• _Exercise_
The reply must contain exactly the lines below from the one with "2,动力需求:T7L和T7C" down to the one with "夏季男式短袖痕衬衫时尚休闲男装印花薄款半袖衬衣男一件代发", both included, and nothing more; please omit the pictures.
Segment Start: Provided data
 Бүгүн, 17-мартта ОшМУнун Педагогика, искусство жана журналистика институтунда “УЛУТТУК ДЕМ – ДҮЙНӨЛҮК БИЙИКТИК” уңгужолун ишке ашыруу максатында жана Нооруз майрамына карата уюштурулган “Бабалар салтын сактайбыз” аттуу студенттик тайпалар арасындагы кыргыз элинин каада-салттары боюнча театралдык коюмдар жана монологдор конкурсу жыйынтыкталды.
Segment End: Provided data
Segment Start: Provided data
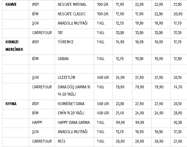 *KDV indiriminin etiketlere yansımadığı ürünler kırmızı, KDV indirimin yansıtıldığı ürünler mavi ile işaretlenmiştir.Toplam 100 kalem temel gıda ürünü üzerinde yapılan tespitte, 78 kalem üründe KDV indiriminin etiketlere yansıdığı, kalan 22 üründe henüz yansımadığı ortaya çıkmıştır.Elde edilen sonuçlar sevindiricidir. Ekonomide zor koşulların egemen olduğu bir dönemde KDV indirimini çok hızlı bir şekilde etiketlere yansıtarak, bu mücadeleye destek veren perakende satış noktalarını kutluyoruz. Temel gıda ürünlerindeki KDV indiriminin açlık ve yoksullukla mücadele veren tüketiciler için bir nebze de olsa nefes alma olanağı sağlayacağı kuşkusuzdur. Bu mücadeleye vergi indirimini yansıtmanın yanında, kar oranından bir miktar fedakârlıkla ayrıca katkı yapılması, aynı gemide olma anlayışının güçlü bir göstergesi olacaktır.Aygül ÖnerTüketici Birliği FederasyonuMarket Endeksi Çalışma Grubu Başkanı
Segment End: Provided data
Segment Start: Provided data
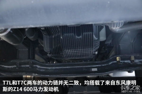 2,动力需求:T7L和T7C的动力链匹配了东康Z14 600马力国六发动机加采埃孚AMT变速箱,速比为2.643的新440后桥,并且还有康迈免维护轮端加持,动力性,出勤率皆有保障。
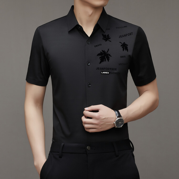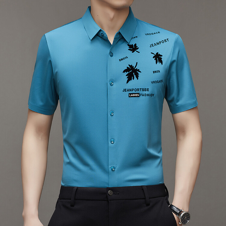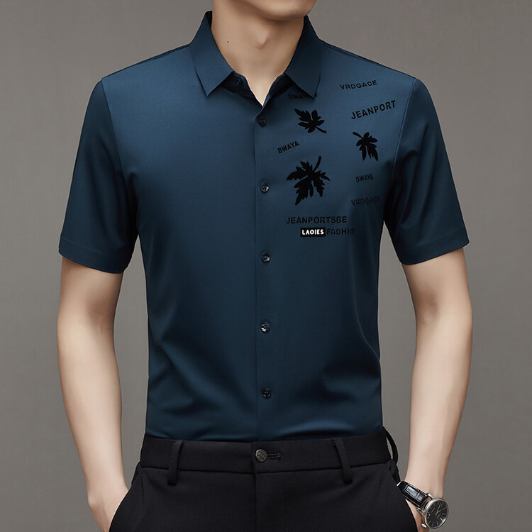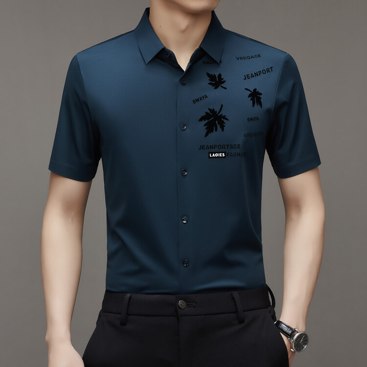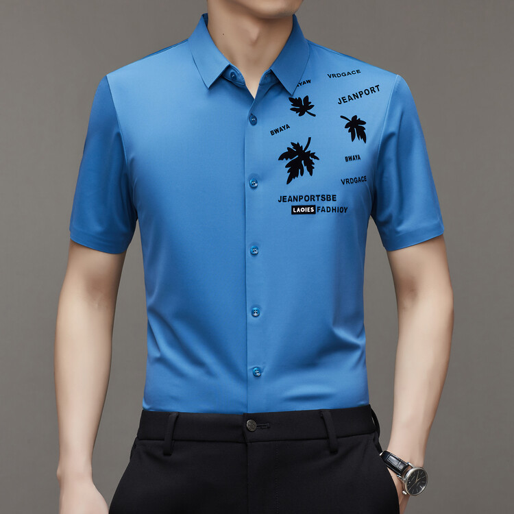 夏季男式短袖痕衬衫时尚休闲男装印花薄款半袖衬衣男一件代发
Segment End: Provided data
• _Output_
 2,动力需求:T7L和T7C的动力链匹配了东康Z14 600马力国六发动机加采埃孚AMT变速箱,速比为2.643的新440后桥,并且还有康迈免维护轮端加持,动力性,出勤率皆有保障。
 夏季男式短袖痕衬衫时尚休闲男装印花薄款半袖衬衣男一件代发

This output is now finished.